THIS year has been brutal for the Amazon rainforest, with rampant wildfires and extreme drought ravaging large parts of a biome that is a critical counterweight to climate change, the Associated Press agency reports.

A warming climate fed drought that in turn fed the worst year for fires since 2005. And those fires contributed to deforestation, with authorities suspecting some fires were set to more easily clear land to run cattle.

The Amazon is twice the size of India and sprawls across eight countries and one territory, storing vast amounts of carbon dioxide that would otherwise warm the planet.

It has about 20 per cent of the world’s fresh water and astounding biodiversity, including 16,000 known tree species.

But governments have historically viewed it as an area to be exploited, with little regard for sustainability or the rights of its indigenous peoples, and experts say exploitation by individuals and organised crime is rising at alarming rates.

“The fires and drought experienced in 2024 across the Amazon rainforest could be ominous indicators that we are reaching the long-feared ecological tipping point,” said Andrew Miller, advocacy director at Amazon Watch, an organisation that works to protect the rainforest.

“Humanity’s window of opportunity to reverse this trend is shrinking, but still open.”
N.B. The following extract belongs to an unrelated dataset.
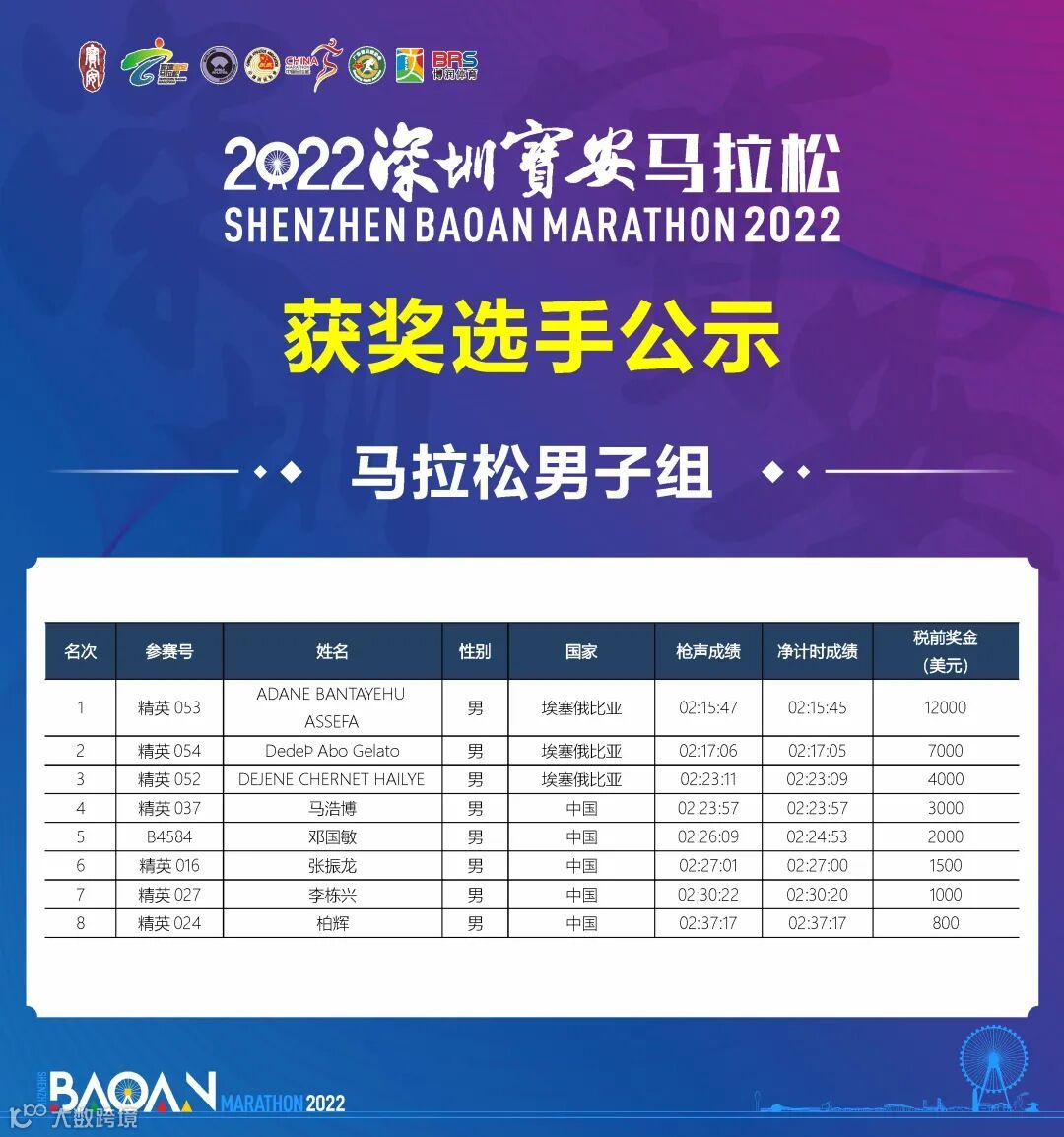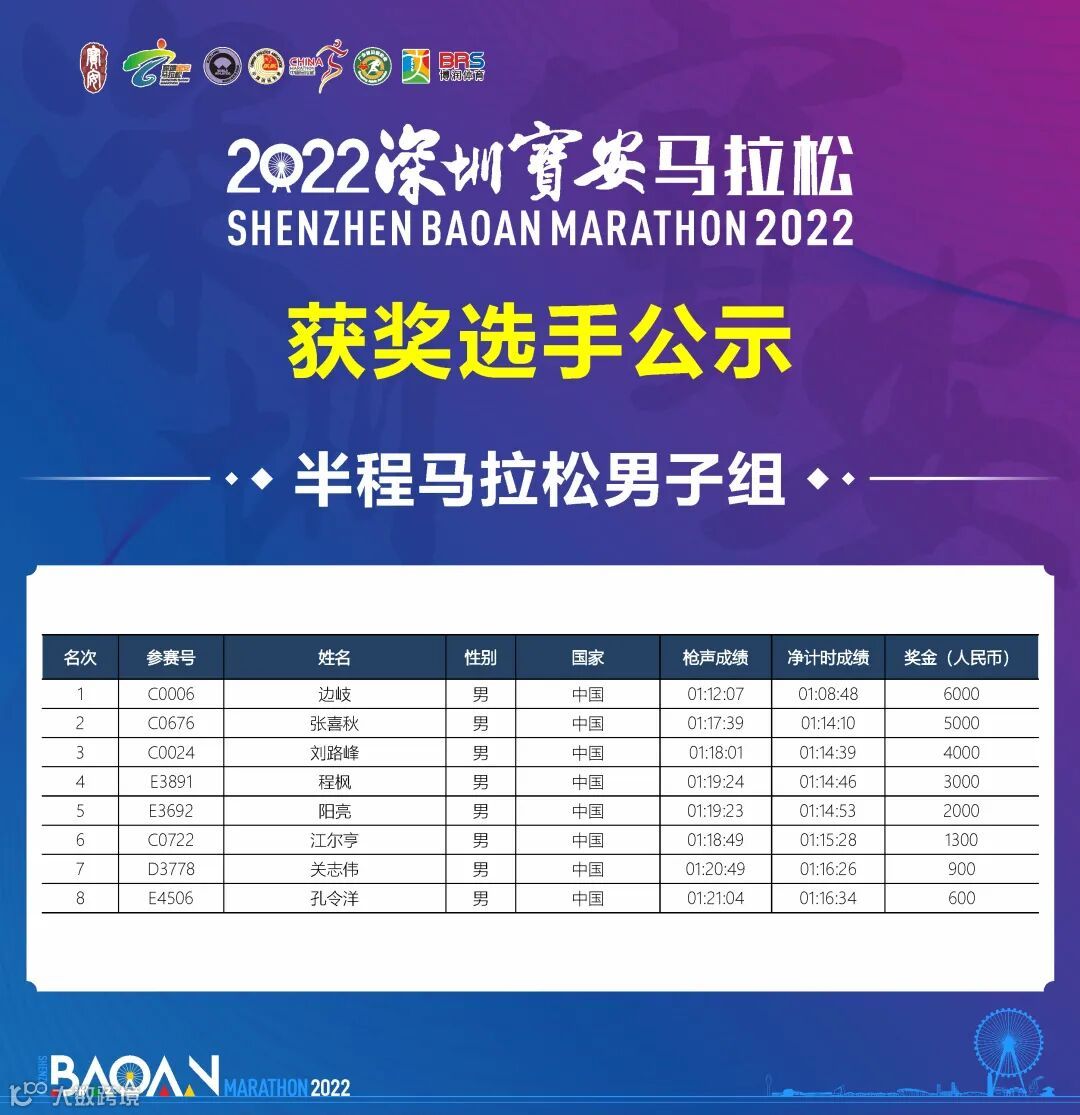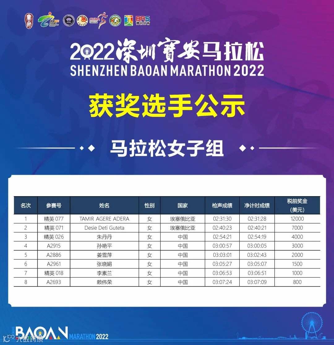 2023年3月19日,2022深圳宝安马拉松于圆满结束。根据竞赛规程,本届比赛马拉松男、女,前八名以枪声成绩进行排名决定奖励名次;半程马拉松男、女前八名以净计时成绩进行排名决定奖励名次。相关事项公示如下:
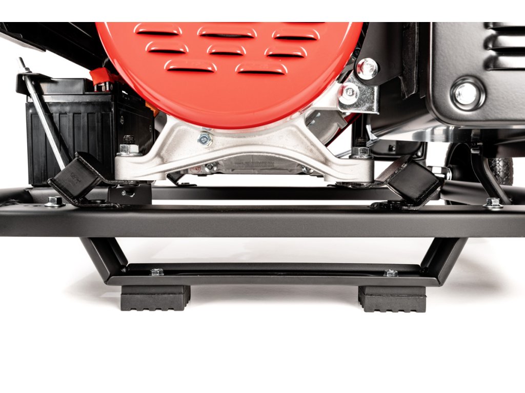 - Robustní ocelový rám chrání agregát při manipulaci i provozu. Díky transportnímu podvozku s koly a madly je přesun zařízení snadný i při hmotnosti 90 kg.

For a second year, the Amazon River fell to desperate lows, leading some countries to declare a state of emergency and distribute food and water to struggling residents. The situation was most critical in Brazil, where one of the Amazon River’s main tributaries dropped to its lowest-level ever recorded.

Cesar Ipenza, an environmental lawyer who lives in the heart of the Peruvian Amazon, said he believes people are becoming increasingly aware of the Amazon’s fundamental role “for the survival of society as a whole.”

But, like Mr Miller, he worries about a “point of no return of Amazon destruction.”

It was the worst year for Amazon fires since 2005, according to non-profit Rainforest Foundation US.

Between January and October, an area larger than the state of Iowa — 37.42 million acres, or about 15.1 million hectares of Brazil’s Amazon — burned. Bolivia had a record number of fires in the first 10 months of the year.

“Forest fires have become a constant, especially in the summer months and require particular attention from the authorities who don't how to deal with or respond to them,” Mr Ipenza said.

Venezuela, Colombia, Ecuador and Guyana also saw a surge in fires this year.